*** Data ***

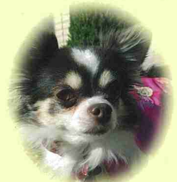
千葉市 チョコちゃん
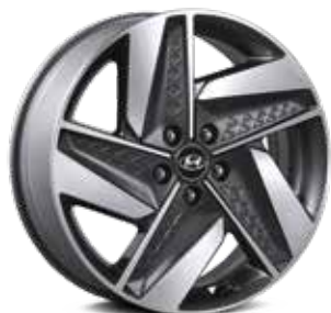
19-inch lichtmetalen velgen (alleen NEXO Plus)
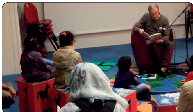
Lecture en salle Shadok de la Cité des sciences et de l'Industrie

À l'occasion de la Fête de la Science, c'est à la Cité des Sciences et de l'Industrie qu'a été lancée l'opération « Je lis la science » les 8 et 9 octobre dernier dans ce lieu approprié à la curiosité scientifique et au plaisir de la découverte.
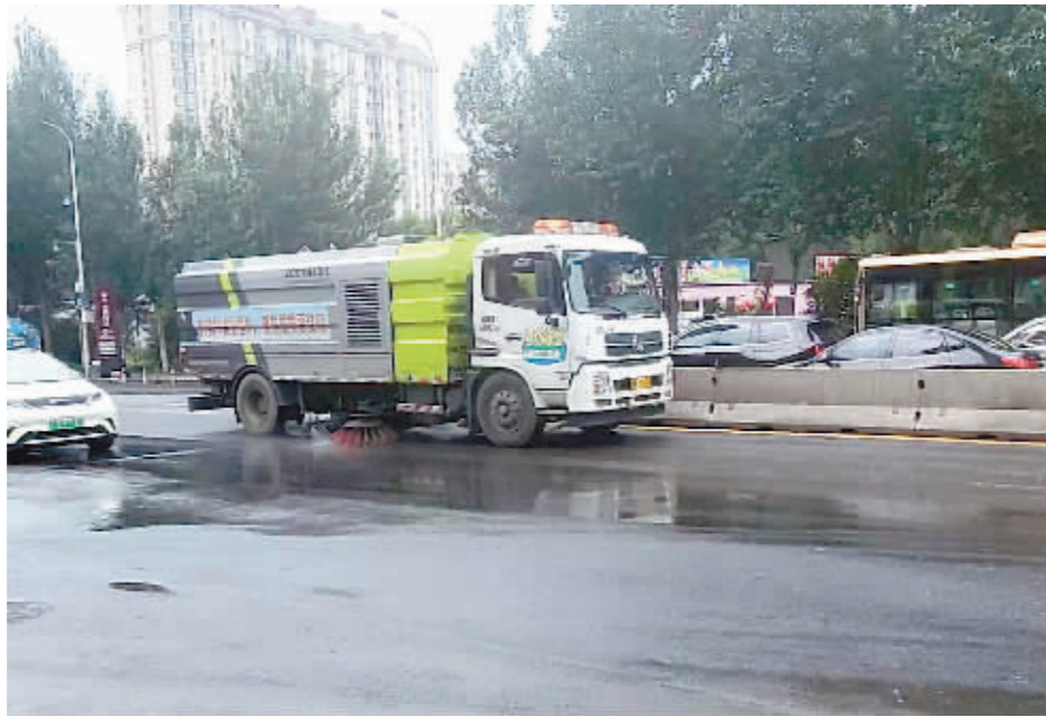
环卫车辆对主干街路进行清扫保洁作业。

农村局等部门将依据各自职责分工,形成合力,深入推进农村生活垃圾治理,持续开展垃圾散乱堆放点排查整治,加强日常清扫保洁,强化环卫设施管理,落实长效运行管护机制。
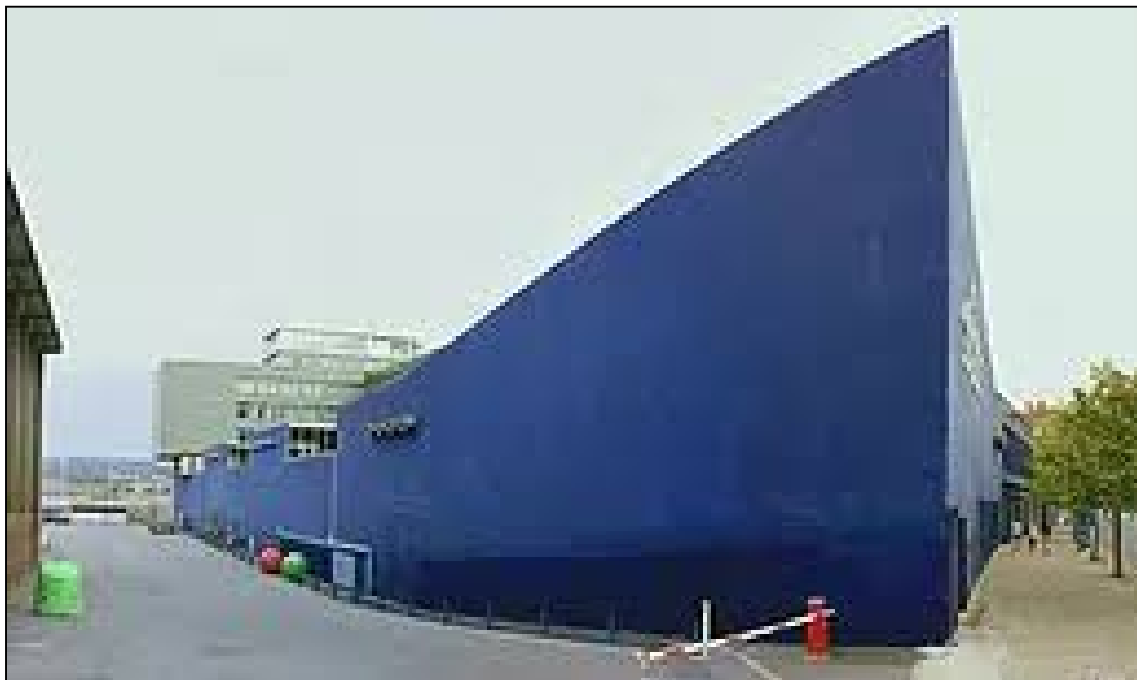
Foto: Escuela Náutica de Portugalete. SEDE de las Jornadas

*** End of Data ***

▶ _What to produce_: Return, word for word, the lines of the data above from the line with "Lecture en salle" through the line with "À l'occasion de", inclusive.

▶ _Task solution_:
Lecture en salle Shadok de la Cité des sciences et de l'Industrie

À l'occasion de la Fête de la Science, c'est à la Cité des Sciences et de l'Industrie qu'a été lancée l'opération « Je lis la science » les 8 et 9 octobre dernier dans ce lieu approprié à la curiosité scientifique et au plaisir de la découverte.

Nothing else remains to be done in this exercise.